A well-diversified portfolio of exchange-traded funds (ETFs) may also benefit from including exposure to the energy sector. Companies in the energy sector include those that generate oil and natural gas. Because oil is a finite resource, there is a good chance that prices for other forms of energy, including energy stocks, will continue to go up. XLE has an expense ratio of 0.13%, which translates to $13 in annual fees for every $10,000 that is invested. 

9. Utilities Select Sector SPDR (XLM) 

Utilities are corporations that provide services to consumers such as gas, power, and water. Utilities are included in the Utilities Select Sector SPDR (XLM). Similar to healthcare-related businesses, utility companies are still required even in difficult economic times. Because of this, investing in these companies can be considered a defensive move, and they are also useful tools for practically any long-term portfolio. XLU has a cost ratio of 0.13%, which translates to $13 in annual fees for every $10,000 that is invested. 

10.Consumer Staples Select Sector SPDR comes in at number ten (XLP)

The consumer staples sector is a solid method to accomplish the goal of broader diversification of defensive stocks, and investing in that sector is a smart approach to achieve that purpose.
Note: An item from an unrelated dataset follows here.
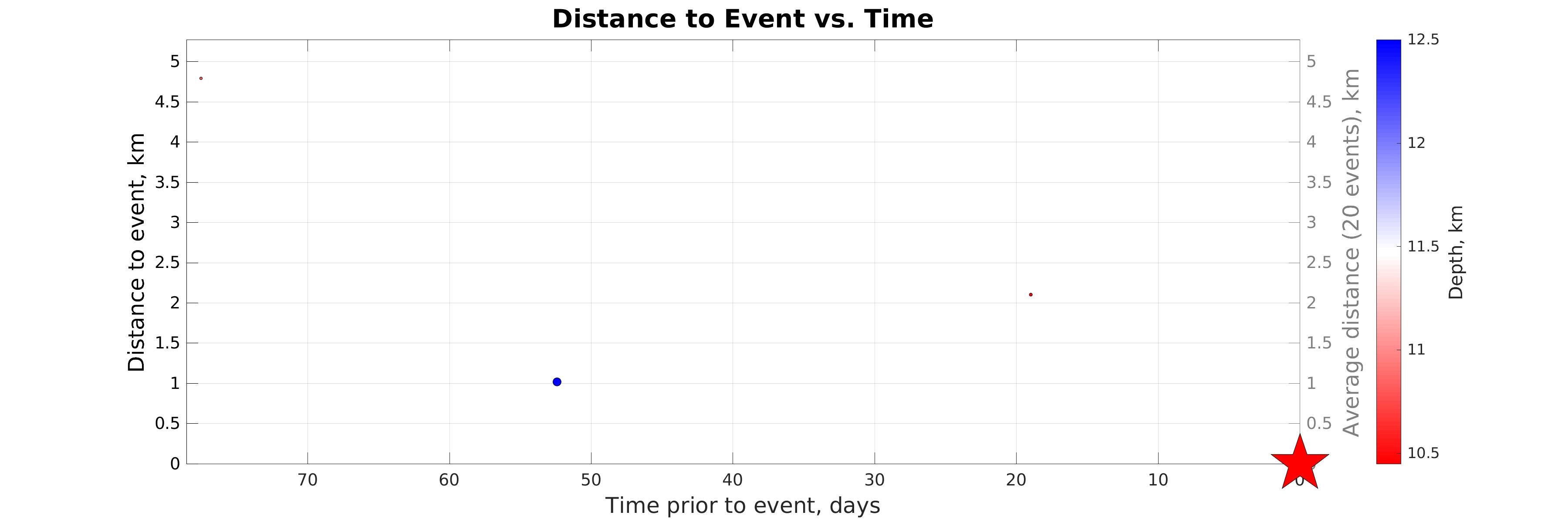 Distance (left axis) vs. time of earthquakes in the seismicity map prior to the event considered (star). Color represents hypocentral depth (see colorbar). The gray line shows distance to event considered averaged within sliding time window of 20 events.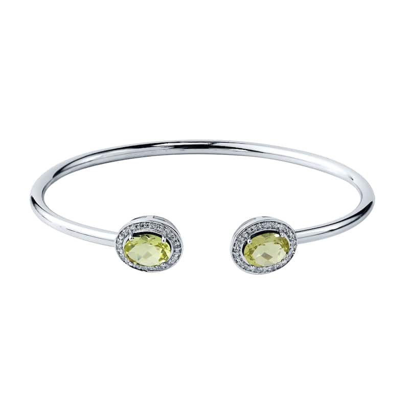 Auriya 2ct Oval Natural Lemon Green Quartz Gold over Silver Bangle Bracelet with Diamond Accents

Items that are essential to a person's way of life are known as consumer staples. Among these are pharmaceuticals, foodstuffs, alcoholic beverages, and tobacco products. XLU has a cost ratio of 0.13%, which translates to $13 in annual fees for every $10,000 that is invested. 
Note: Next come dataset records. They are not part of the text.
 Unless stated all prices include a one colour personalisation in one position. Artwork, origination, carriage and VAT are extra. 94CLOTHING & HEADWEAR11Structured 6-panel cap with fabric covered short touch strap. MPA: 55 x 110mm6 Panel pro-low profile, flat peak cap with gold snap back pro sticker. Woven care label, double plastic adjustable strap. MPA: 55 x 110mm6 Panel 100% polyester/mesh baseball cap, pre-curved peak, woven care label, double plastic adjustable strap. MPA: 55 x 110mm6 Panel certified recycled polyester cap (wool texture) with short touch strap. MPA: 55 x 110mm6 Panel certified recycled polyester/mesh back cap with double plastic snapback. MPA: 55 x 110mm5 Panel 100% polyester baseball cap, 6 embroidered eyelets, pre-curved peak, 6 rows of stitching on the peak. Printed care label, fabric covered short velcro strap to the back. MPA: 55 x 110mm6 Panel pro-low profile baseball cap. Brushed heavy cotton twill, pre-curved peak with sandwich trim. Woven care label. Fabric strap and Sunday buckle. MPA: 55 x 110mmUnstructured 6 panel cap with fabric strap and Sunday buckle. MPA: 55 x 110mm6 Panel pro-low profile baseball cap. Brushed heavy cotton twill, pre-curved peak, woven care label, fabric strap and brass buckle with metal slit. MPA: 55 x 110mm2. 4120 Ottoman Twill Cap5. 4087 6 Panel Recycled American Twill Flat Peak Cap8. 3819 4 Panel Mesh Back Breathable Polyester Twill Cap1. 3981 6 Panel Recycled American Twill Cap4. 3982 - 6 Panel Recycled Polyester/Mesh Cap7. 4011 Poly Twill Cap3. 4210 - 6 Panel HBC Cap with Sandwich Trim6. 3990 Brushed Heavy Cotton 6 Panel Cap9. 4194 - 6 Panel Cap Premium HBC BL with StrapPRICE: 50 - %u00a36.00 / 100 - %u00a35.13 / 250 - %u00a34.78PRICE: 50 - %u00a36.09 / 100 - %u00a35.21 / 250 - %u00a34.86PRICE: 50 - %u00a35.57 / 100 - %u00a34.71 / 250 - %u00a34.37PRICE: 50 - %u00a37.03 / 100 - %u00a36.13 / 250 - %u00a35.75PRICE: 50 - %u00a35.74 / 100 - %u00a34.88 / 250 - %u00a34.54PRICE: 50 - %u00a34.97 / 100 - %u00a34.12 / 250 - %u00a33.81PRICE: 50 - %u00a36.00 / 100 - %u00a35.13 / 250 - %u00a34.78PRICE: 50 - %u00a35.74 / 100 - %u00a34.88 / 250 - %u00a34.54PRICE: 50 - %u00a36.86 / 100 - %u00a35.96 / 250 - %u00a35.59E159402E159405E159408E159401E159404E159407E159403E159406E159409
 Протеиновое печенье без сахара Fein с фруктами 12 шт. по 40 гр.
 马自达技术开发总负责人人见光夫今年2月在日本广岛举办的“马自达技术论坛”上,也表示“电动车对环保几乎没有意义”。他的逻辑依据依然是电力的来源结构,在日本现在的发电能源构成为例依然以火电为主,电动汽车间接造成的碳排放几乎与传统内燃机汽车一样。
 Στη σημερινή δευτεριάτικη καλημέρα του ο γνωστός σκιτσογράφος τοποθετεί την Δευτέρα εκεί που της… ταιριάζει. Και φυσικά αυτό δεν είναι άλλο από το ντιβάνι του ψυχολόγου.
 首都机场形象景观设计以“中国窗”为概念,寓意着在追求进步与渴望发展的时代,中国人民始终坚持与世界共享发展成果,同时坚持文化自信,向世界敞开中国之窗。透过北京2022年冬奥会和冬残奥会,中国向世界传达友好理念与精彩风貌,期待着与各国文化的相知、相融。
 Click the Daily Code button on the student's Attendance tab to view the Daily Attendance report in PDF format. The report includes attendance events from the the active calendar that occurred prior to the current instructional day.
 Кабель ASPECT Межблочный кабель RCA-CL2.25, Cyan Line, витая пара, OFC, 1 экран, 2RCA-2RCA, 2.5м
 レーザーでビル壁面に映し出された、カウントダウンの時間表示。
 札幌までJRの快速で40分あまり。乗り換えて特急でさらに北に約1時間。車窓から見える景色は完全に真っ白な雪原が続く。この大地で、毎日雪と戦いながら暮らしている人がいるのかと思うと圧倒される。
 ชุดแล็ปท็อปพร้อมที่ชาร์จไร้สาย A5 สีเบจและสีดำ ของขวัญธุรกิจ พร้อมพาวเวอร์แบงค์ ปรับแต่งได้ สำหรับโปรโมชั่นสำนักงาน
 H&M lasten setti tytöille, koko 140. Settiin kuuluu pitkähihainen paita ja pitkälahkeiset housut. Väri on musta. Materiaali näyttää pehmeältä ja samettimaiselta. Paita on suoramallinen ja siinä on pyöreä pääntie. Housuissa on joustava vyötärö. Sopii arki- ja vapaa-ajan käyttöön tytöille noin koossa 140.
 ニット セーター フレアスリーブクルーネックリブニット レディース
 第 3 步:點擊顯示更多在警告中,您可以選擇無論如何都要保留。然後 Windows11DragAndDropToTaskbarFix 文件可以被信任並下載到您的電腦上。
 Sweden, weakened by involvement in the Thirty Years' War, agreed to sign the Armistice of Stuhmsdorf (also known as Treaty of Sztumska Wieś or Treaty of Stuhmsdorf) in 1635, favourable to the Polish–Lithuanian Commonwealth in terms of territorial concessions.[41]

Questions That Are Typically Asked (FAQs)

How do exchange-traded funds (ETFs) do as long-term investments?

Although exchange-traded funds (ETFs) have the potential to be excellent, tax-efficient investments for the long term, not every ETF is suitable for such an investment. For instance, inverse and leveraged exchange-traded funds are only intended to be held for brief periods of time. In general, an exchange-traded fund (ETF) is going to be a more attractive option for a long-term investment if it is both passive and diversified. Working with a financial advisor can assist you in identifying the exchange-traded funds (ETFs) that are most suitable for your own circumstances.

When is the most profitable time of the day to trade exchange-traded funds (ETFs)?

When volume and liquidity are at their peak levels, the optimum time for traders who want to aggressively enter and leave ETF positions is to trade at those times. On a daily basis, this takes place about during the first and final hours of trade. It is important to keep in mind that unexpected volume spikes might be caused by economic events such as announcements made by the Federal Reserve. You can keep track of occurrences of this nature with the assistance of an economic calendar.